Your assignment:
From the first line to the last, copy the data exactly and drop the pictures.

Data extract:
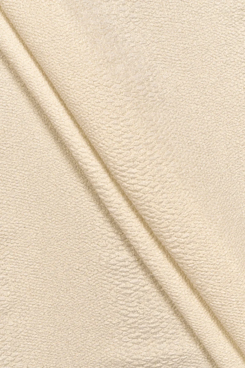Talianska žakárová tkanina v krémovej farbe, husto zdobená zlatou, lesklou niťou. Tkanina je mäkká, ľahká, s konvexnou štruktúrou, ktorá pripomína hadiu kožu, pružná po celej dĺžke látky. Krásny návrh na šitie šiat, sukne a saka na špeciálne príležitosti.
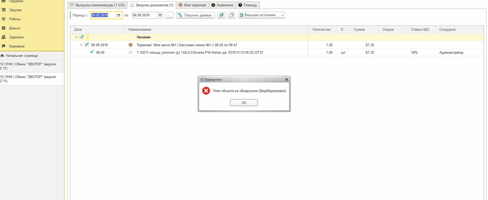 Требуется устранить ошибки в обработке по загрузке данных из Эвотор в 1С Автосервис 1.6.2.15 ( на базе 1С УНФ 1.6). Выгрузка работает, загрузка - выдает ошибку. Скрин ошибки и обработку приложил.
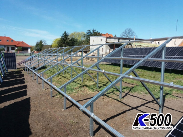Представлена конструкція на землі від K500 — це міцний і сучасний сталевий каркас для встановлення 20 фотоелектричних панелей у вертикальному розташуванні.

Solution to this task:
Talianska žakárová tkanina v krémovej farbe, husto zdobená zlatou, lesklou niťou. Tkanina je mäkká, ľahká, s konvexnou štruktúrou, ktorá pripomína hadiu kožu, pružná po celej dĺžke látky. Krásny návrh na šitie šiat, sukne a saka na špeciálne príležitosti.
 Требуется устранить ошибки в обработке по загрузке данных из Эвотор в 1С Автосервис 1.6.2.15 ( на базе 1С УНФ 1.6). Выгрузка работает, загрузка - выдает ошибку. Скрин ошибки и обработку приложил.
Представлена конструкція на землі від K500 — це міцний і сучасний сталевий каркас для встановлення 20 фотоелектричних панелей у вертикальному розташуванні.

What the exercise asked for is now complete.